28 July 2009

BNP leader extends sick pledge to capsize refugee boats

When I came face to face with BNP leader Nick Griffin on his first day at the European Parliament in Strasbourg I thought he might find urgent business elsewhere in the building.

After all, this was a rare occasion when he didn't have burly minders at his side to intimidate interviewers who dare ask awkward questions. And he would have been only too well aware of the Mirror's anti-BNP Hope not Hate campaign in the run-up to the European elections. But, in fairness to Griffin, he was only too happy to air his views on, for example, global warming ("a man-made myth").

I gave him an opportunity to back down on his comment that Europe should sink boats transporting illegal immigrants from the coast of North Africa.

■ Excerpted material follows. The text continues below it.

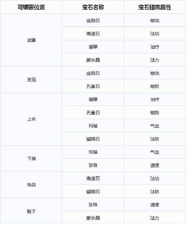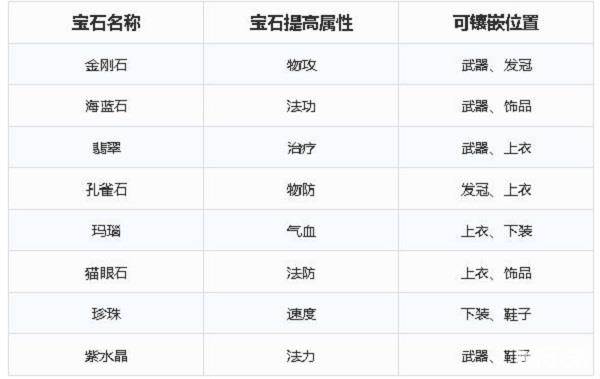 目前游戏内一共有8种宝石,它们分别是金刚石、海蓝石、翡翠、孔雀石、玛瑙、猫眼石、珍珠、紫水晶,其中并没有提高封印强化的宝石。人物装备一共6个部位,它们分别是武器、发冠、上衣、下装、饰品、鞋子。而每个部位能镶嵌的宝石也是有所区别的,具体如下图所示:

"Do you regret making that statement?" I asked.

True to form Griffin replied that he only had one regret: that he did not extend his murderous scheme to vessels transporting refugees to those in the Adriatic and Atlantic. It was exactly the kind of nakedly racist response that makes it impossible to take seriously the BNP's claims to being proper politicial contenders.

I would bet that Griffin would not have considered Save The Children's recent report into the condition of youngsters trying to get from Libya into Italy. Had he done so he would notice that most of the children on the barely seaworthy boats being turned back from Europe have fled war in countries like Somalia and Eritrea.

As Fosca Nomis, spokesperson for Save the Children, said: "Many of the children on the boats from Libya had been forced to travel thousands of miles, often alone, to escape conflict and poverty in countries such as Somalia, Eritrea and Nigeria. In ten months we received over 2,000 children entitled to receive protection in Italy. They were often exhausted, hungry, severely dehydrated and terrified after the journey. Many children have recounted harrowing stories, of rape and of having to see dead family members thrown out of the boat.

"Many of the child migrants had been locked up in adult detention centres before boarding the boats for Italy, and we are afraid they may be returned there when they arrive in Libya. Conditions are notoriously bad. Human rights organisations have persistently reported allegations of torture and ill-treatment at the centres in a country which has not signed the Geneva Refugee Convention."

This is the kind of inconvenient truth that gets in the way of Griffin's deliberately controversial - but totally hollow - soundbites.